■ **Exercise**
Down to the last line, restate the records word for word, but not the pictures.
(Stored data Opens)
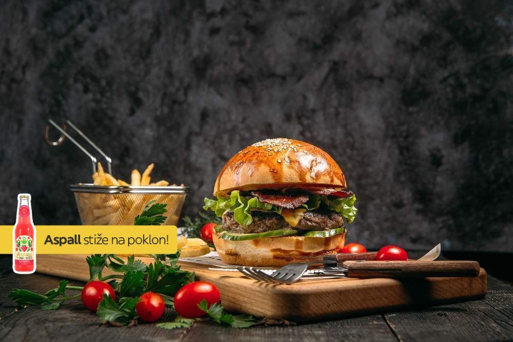 Cheeseburger, Rio tortilla, velika gurmanska, 10 ćevapa, velika porcija kobasica, punjeni batak, pljeskavica, hrskava piletina sa susamom, pileći file, velika porcija uštipaka, 4x lepinje, 4x salata po izboru
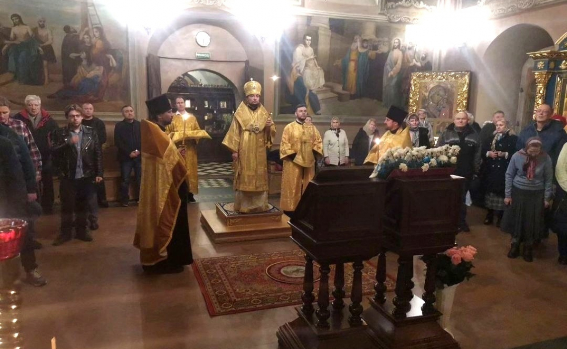 За вечерним Богослужением епископ Истринский Серафим совершил литию с освящением хлебов, пшеницы, вина и елея. Во время утрени, по прочтении Святого Евангелия, архипастырь помазал духовенство и верующих освященным елеем.
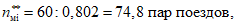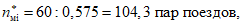 1.1.6. Наличная пропускная способность участка по перегонам определяется при параллельном графике движения поездов с округлением полученного результата до ближайшего целого значения в меньшую сторону. При этом на двухпутных линиях расчет ведется исходя из применения только пакетного графика движения поездов, а на однопутных линиях - при применении обоих типов графика в зависимости от средств сигнализации и связи по движению поездов.
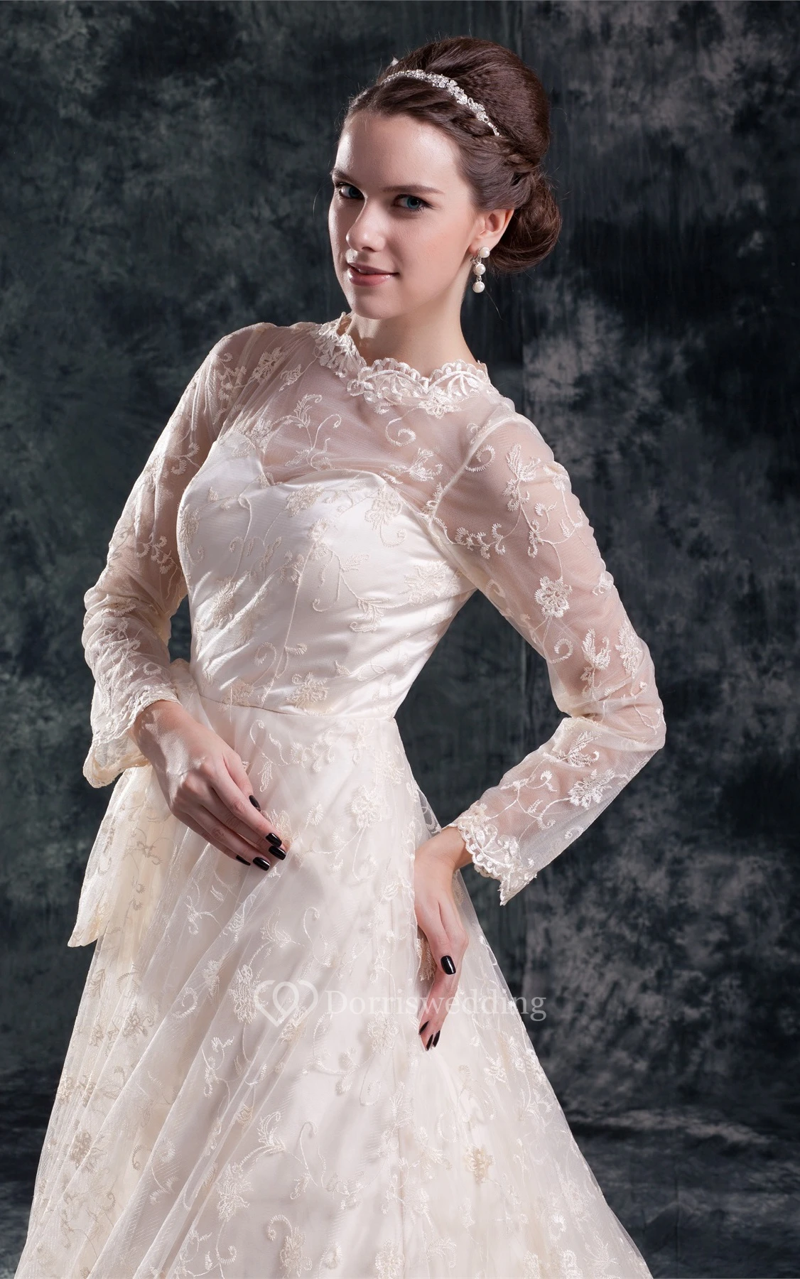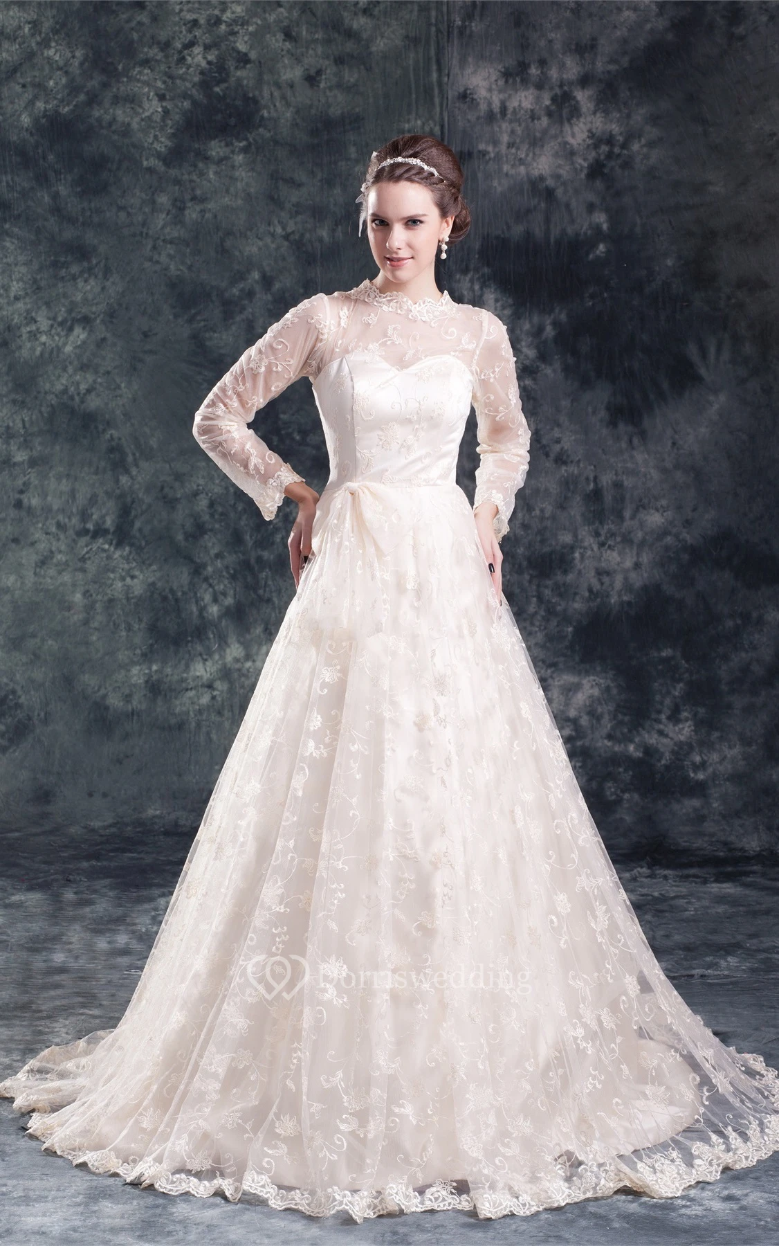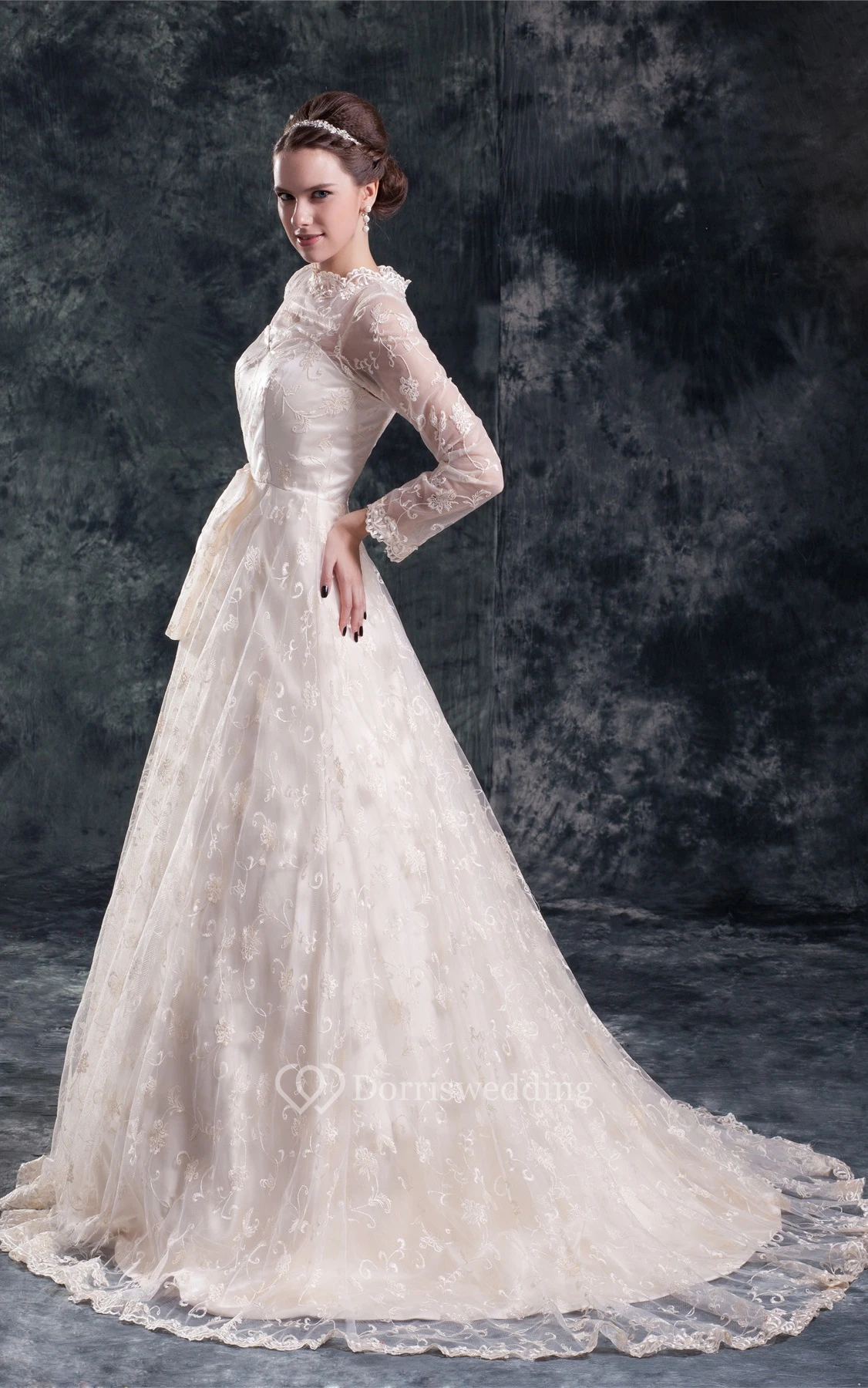Amazing Satin Appliqued Long Sleeve a Line High Neck Wedding Dresses
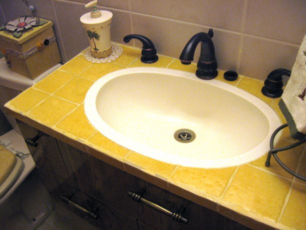 אמבטיה כפרית בשילוב קרמיקה מבריקה צהובה
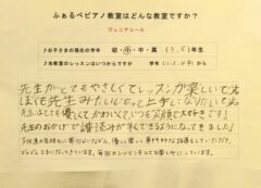 ♪レッスンのことを教えてください。いつもたくさんほめてくれるからうれしいです。お母さまのコメント:レッスンでは、テキストの絵や歌詞からも曲のイメージを膨らませて、「その曲らしい音」で弾けるように6才にも分かりやすく伝えてくださいます。キレ...
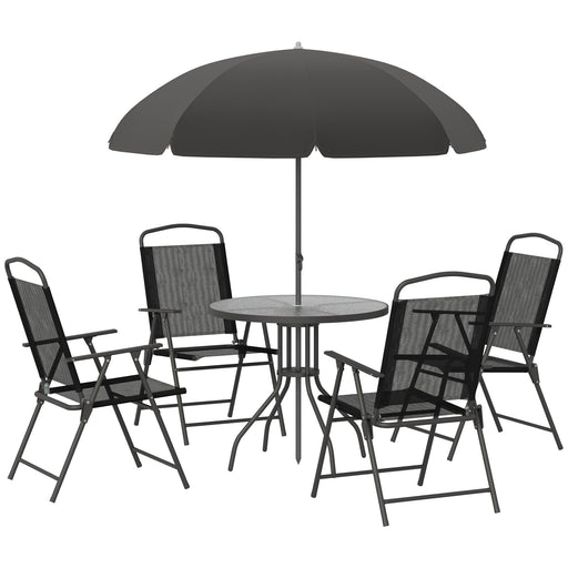 View full details6-Piece Outdoor Bistro Set - Texteline Folding Chairs, Table, and Umbrella in Black - Ideal Patio Furniture for Garden and Dining
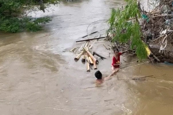Anh Sao bơi ra giữa sông giải cứu cháu bé (ảnh cắt từ Clip)
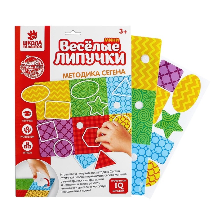 Игра на липучках, конструктор "Изучаем формы по методике Сегена", Весёлые липучки МИНИ, 12 деталей
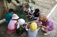 Лето в полном разгаре... Воспитанники детского сада №26 «Дюймовочка» продолжают трудиться на собственном огороде. Они посадили картофель, лук, морковь, огурцы, помидоры и салат; тщательно ухаживают за грядками: окучивают, поливают, борются с сорняками. Сегодня пришло время собирать первый долгожданный урожай - зелёный лук.
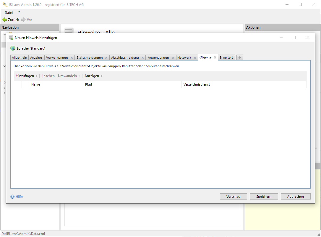 In diesem Reiter kann ein Hinweis auf bestimmte Verzeichnisdienst-Objekte wie Benutzer, Gruppen, Computer oder Organisationseinheiten eingeschränkt werden. Es sind sowohl Einschlüsse, wie auch Ausschlüsse möglich.
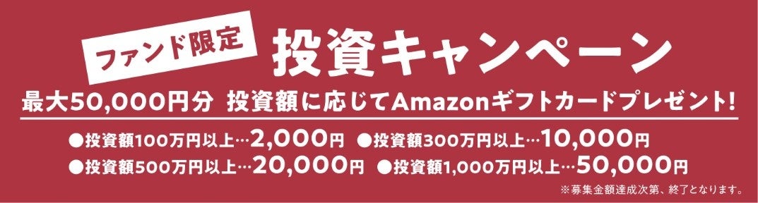 本ファンド投資額に応じて、最大50,000円分のAmazonギフト券をプレゼントいたします。詳しくは公式サイトをご覧ください。
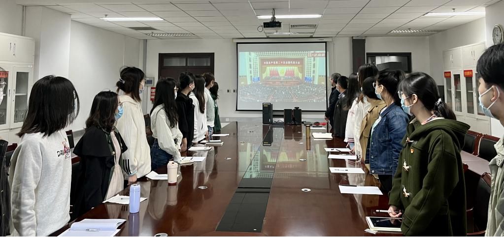 awc777万象城娱乐官网党委在严格落实疫情防控要求的基础上统筹谋划、严格部署,精心组织师生收听收看党的二十大开幕会盛况。学院党委和部分学生党员代表在博远楼805收看了大会盛况,各党支部通过各种方式组织师生同步收听收看。
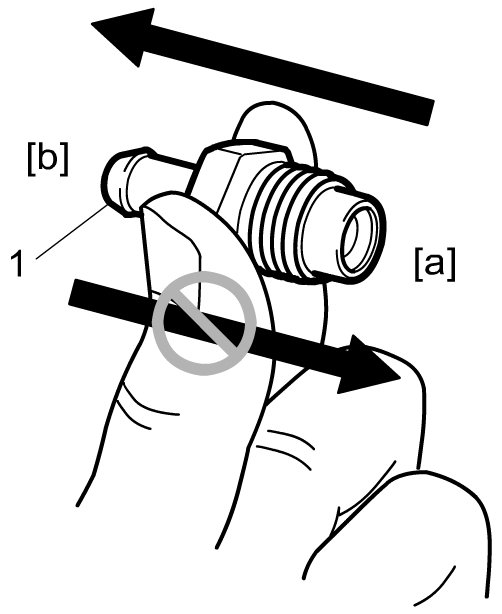 Install clean hose to valve and check that there is air flow when blowing air into hose from [a] to [b] and that there is no air flow when blowing air into hose from [b] to [a] as shown in figure.
(Stored data Closes)
■ **Task output**
 Cheeseburger, Rio tortilla, velika gurmanska, 10 ćevapa, velika porcija kobasica, punjeni batak, pljeskavica, hrskava piletina sa susamom, pileći file, velika porcija uštipaka, 4x lepinje, 4x salata po izboru
 За вечерним Богослужением епископ Истринский Серафим совершил литию с освящением хлебов, пшеницы, вина и елея. Во время утрени, по прочтении Святого Евангелия, архипастырь помазал духовенство и верующих освященным елеем.
 1.1.6. Наличная пропускная способность участка по перегонам определяется при параллельном графике движения поездов с округлением полученного результата до ближайшего целого значения в меньшую сторону. При этом на двухпутных линиях расчет ведется исходя из применения только пакетного графика движения поездов, а на однопутных линиях - при применении обоих типов графика в зависимости от средств сигнализации и связи по движению поездов.
Amazing Satin Appliqued Long Sleeve a Line High Neck Wedding Dresses
 אמבטיה כפרית בשילוב קרמיקה מבריקה צהובה
 ♪レッスンのことを教えてください。いつもたくさんほめてくれるからうれしいです。お母さまのコメント:レッスンでは、テキストの絵や歌詞からも曲のイメージを膨らませて、「その曲らしい音」で弾けるように6才にも分かりやすく伝えてくださいます。キレ...
 View full details6-Piece Outdoor Bistro Set - Texteline Folding Chairs, Table, and Umbrella in Black - Ideal Patio Furniture for Garden and Dining
Anh Sao bơi ra giữa sông giải cứu cháu bé (ảnh cắt từ Clip)
 Игра на липучках, конструктор "Изучаем формы по методике Сегена", Весёлые липучки МИНИ, 12 деталей
 Лето в полном разгаре... Воспитанники детского сада №26 «Дюймовочка» продолжают трудиться на собственном огороде. Они посадили картофель, лук, морковь, огурцы, помидоры и салат; тщательно ухаживают за грядками: окучивают, поливают, борются с сорняками. Сегодня пришло время собирать первый долгожданный урожай - зелёный лук.
 In diesem Reiter kann ein Hinweis auf bestimmte Verzeichnisdienst-Objekte wie Benutzer, Gruppen, Computer oder Organisationseinheiten eingeschränkt werden. Es sind sowohl Einschlüsse, wie auch Ausschlüsse möglich.
 本ファンド投資額に応じて、最大50,000円分のAmazonギフト券をプレゼントいたします。詳しくは公式サイトをご覧ください。
 awc777万象城娱乐官网党委在严格落实疫情防控要求的基础上统筹谋划、严格部署,精心组织师生收听收看党的二十大开幕会盛况。学院党委和部分学生党员代表在博远楼805收看了大会盛况,各党支部通过各种方式组织师生同步收听收看。
 Install clean hose to valve and check that there is air flow when blowing air into hose from [a] to [b] and that there is no air flow when blowing air into hose from [b] to [a] as shown in figure.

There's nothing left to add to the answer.